Beginning at the top of the data below, restate every line word for word until the line containing "中新社發(fā) 武仲林 攝" has been included, and omit the pictures.
-------
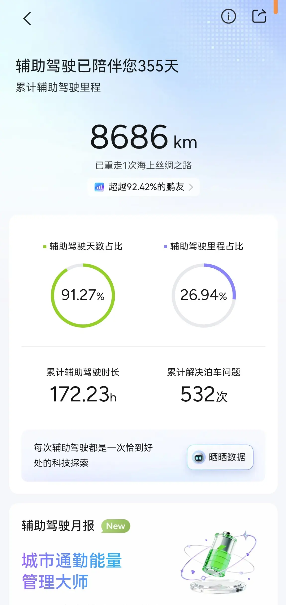#小鹏汽车 #小鹏辅助驾驶开了小鹏p7+将近1年 了,以前油车一年才开1万多公里,换了电车1年就开了3万多。出去玩用智驾多点,上下班比较赶时间,智驾有点慢,大多数都自己开。个人体验而言,智驾方面虽然小问题也有,但总体还行,大部分时候不需要接管,特别开长途轻松好多,而且续航很扎实,春秋不开空调实际可以开到600多公里。
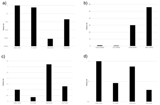The protein and gene expression of FGFR1-FGFR4 were examined in five bladder urothelial cancer cell lines, using Western blotting (Figure 2) and real-time qPCRs (Figure 3), respectively. All these cell lines were confirmed to express FGFR1–FGFR4.
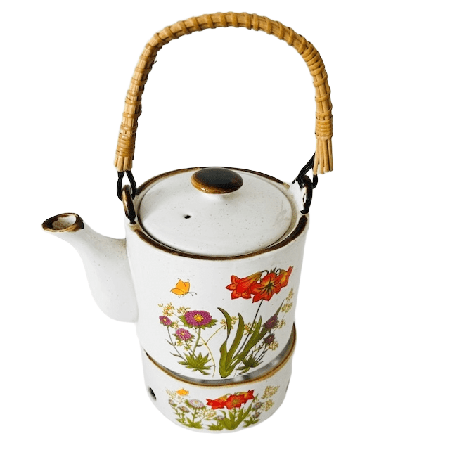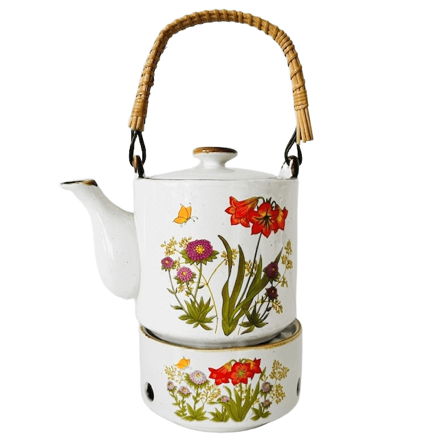 Vintage keramische theepot en warmer met wilde bloemen decoratie rustiek uit de jaren 70.
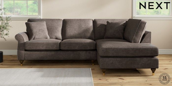 7.2.10 Ashford Medium Corner Chaise - Right Hand Plush Chenille Mink Brown Modern Turned Metal Cap - Mid | Made Click here to use our website with more accessibility support, for example screen readers
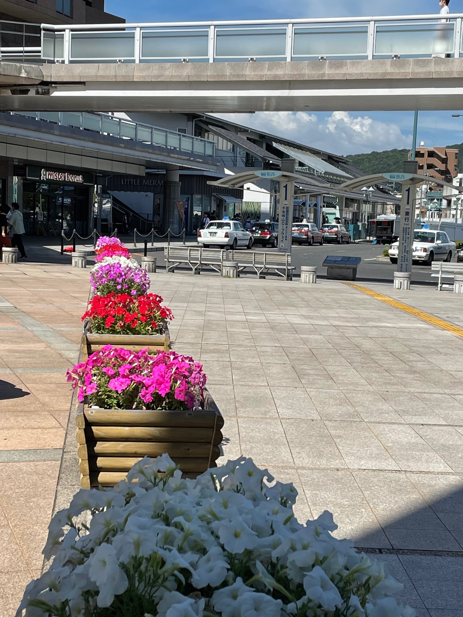 交流館正面玄関前には、暑さの中、綺麗に咲いてる花に見とれちゃいました
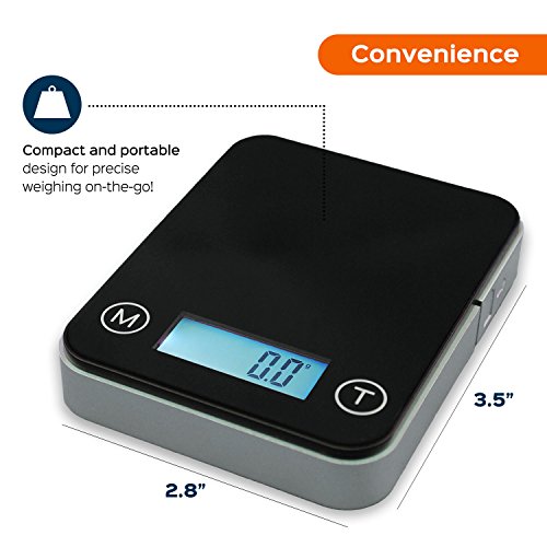 - Precise tare option and easy calibration. 100g calibration weights NOT included
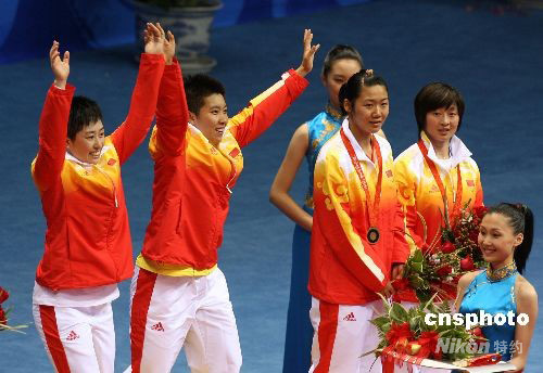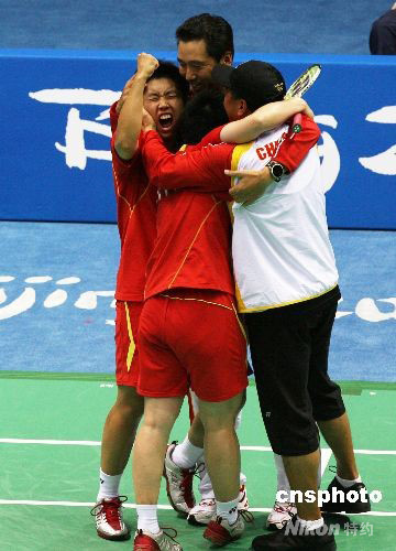 8月15日晚,中國組合杜婧、于洋在北京奧運(yùn)會(huì)羽毛球女子雙打決賽中以2比0戰(zhàn)勝韓國組合李孝貞、李敬元,奪得金牌。 中新社發(fā) 武仲林 攝
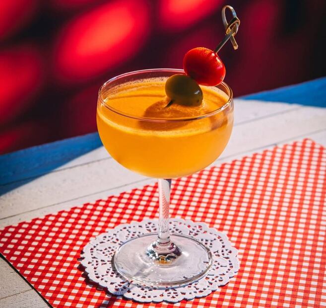 - Pizza House Party: un trago que sabe a una pizza de queso; lleva Gin Mare, Ron Agrícola, jarabe de queso parmesano, tomate, jugo de limón, licor de chile poblano y licor de Accompani Flora Green.
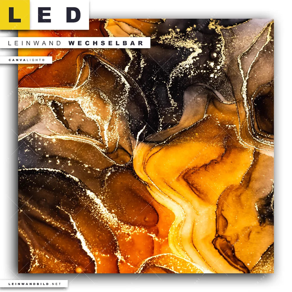 Du bist auf der Suche nach einem Muster - Texturen LED Leinwandbild im Quadratischen Format? Begriffe wie Flüssigkeit, Acryl, flüssig, Farbe, Marmorierung, Fluid Art haben Dich auf der Suche nach Deinem neuen XXL LED Wandbild mit wechselbarer Leinwand inspiriert? Farben wie Gold, Braun, Rot, Ocker, Blau, Orange dürfen auf Deinem neuen Leinwand-LED-Bild nicht fehlen und Leuchtbilder im Abstrakt, Modern Art Stil passen perfekt zu Deinem Einrichtungsstil?
-------
Answer below>
#小鹏汽车 #小鹏辅助驾驶开了小鹏p7+将近1年 了,以前油车一年才开1万多公里,换了电车1年就开了3万多。出去玩用智驾多点,上下班比较赶时间,智驾有点慢,大多数都自己开。个人体验而言,智驾方面虽然小问题也有,但总体还行,大部分时候不需要接管,特别开长途轻松好多,而且续航很扎实,春秋不开空调实际可以开到600多公里。
The protein and gene expression of FGFR1-FGFR4 were examined in five bladder urothelial cancer cell lines, using Western blotting (Figure 2) and real-time qPCRs (Figure 3), respectively. All these cell lines were confirmed to express FGFR1–FGFR4.
 Vintage keramische theepot en warmer met wilde bloemen decoratie rustiek uit de jaren 70.
 7.2.10 Ashford Medium Corner Chaise - Right Hand Plush Chenille Mink Brown Modern Turned Metal Cap - Mid | Made Click here to use our website with more accessibility support, for example screen readers
 交流館正面玄関前には、暑さの中、綺麗に咲いてる花に見とれちゃいました
 - Precise tare option and easy calibration. 100g calibration weights NOT included
 8月15日晚,中國組合杜婧、于洋在北京奧運(yùn)會(huì)羽毛球女子雙打決賽中以2比0戰(zhàn)勝韓國組合李孝貞、李敬元,奪得金牌。 中新社發(fā) 武仲林 攝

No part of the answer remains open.